Just got done reading one of his books, and I rather liked it. It's my first Robin Cook book.


After reading this book, I'm convinced this guy needs to write the story for a future Star Trek movie, perhaps even the next one if they haven't already picked out a story.

I enjoyed the book, but there were plot holes that left me cringing. And a couple of the characters got on my nerves.

Over all the book seemed quite a bit rushed. There were places he could have taken the story, and it almost seemed like he was about to go down a certain avenue with the arching, but didn't. And the ending... I'll just say, it was... unfinished. Incomplete.

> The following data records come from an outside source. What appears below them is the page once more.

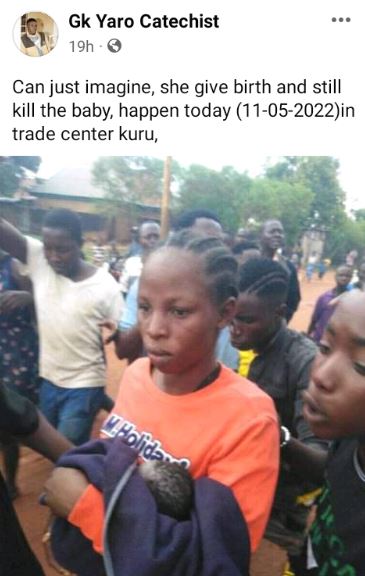 A young lady has been arrested for allegedly killing her newborn baby in Kuru, Jos South Local Governemnt Area of Plateau State.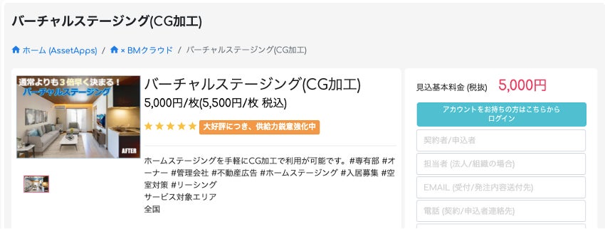 本サービス提携により、BMクラウド 不動産ネットショップ https://assetapps.shop/ に、新たに「バーチャルステージング」のメニューが加わりました。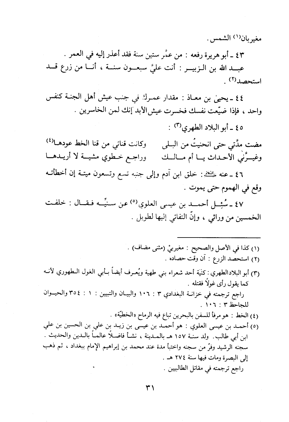 عن سنّيه فقال: خلفت الخمسين من ورائي، وإنّ التفاتي إليها لطويل.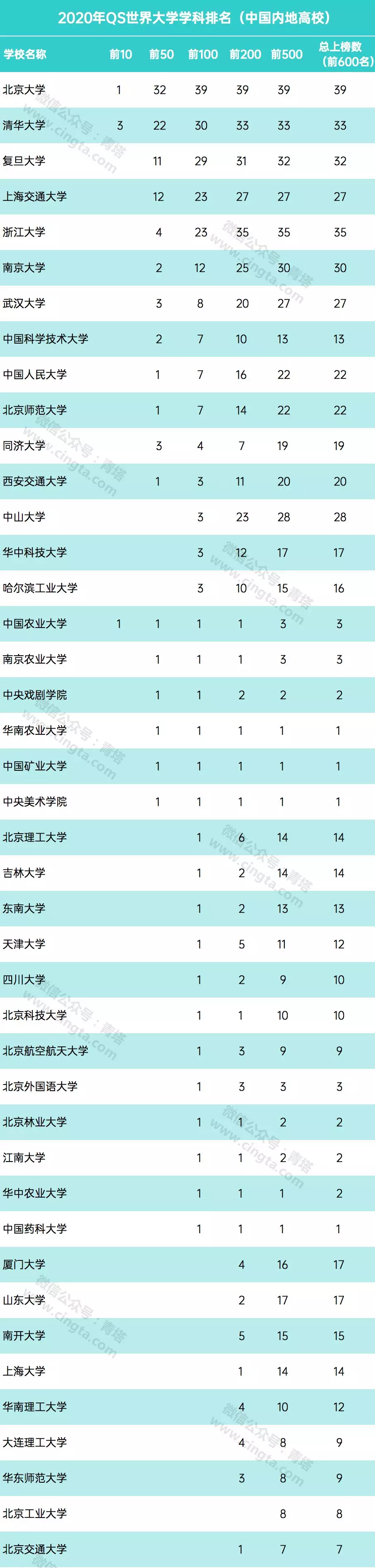 更多数据请见: 青塔 2020年QS世界大学学科排名出炉,中国高校表现亮眼!

Now for the spoiler review.

As I gather this is Robin Cook's first attempt at stepping outside of the box in his usual storytelling. Plot synopsis courtesy of wikipedia:

Perry Bergman, President of Benthic Marine, has staked a lot into the current project - drilling into a newly discovered undersea mountain that Geosat had strangely missed. It was supposed to propel Benthic Marine to the forefront of oceanographic research. However, the venture is not going as planned and Perry decides to check it out himself.
What was meant to be a quick tour to the undersea mountain turns into an unexpected and unbelievable adventure. He finds himself traveling with Suzanne, an attractive geophysical oceanographer; Donald, an ex-Navy officer; and Richard and Michael, who are hardened ex-Navy divers with a penchant for violence.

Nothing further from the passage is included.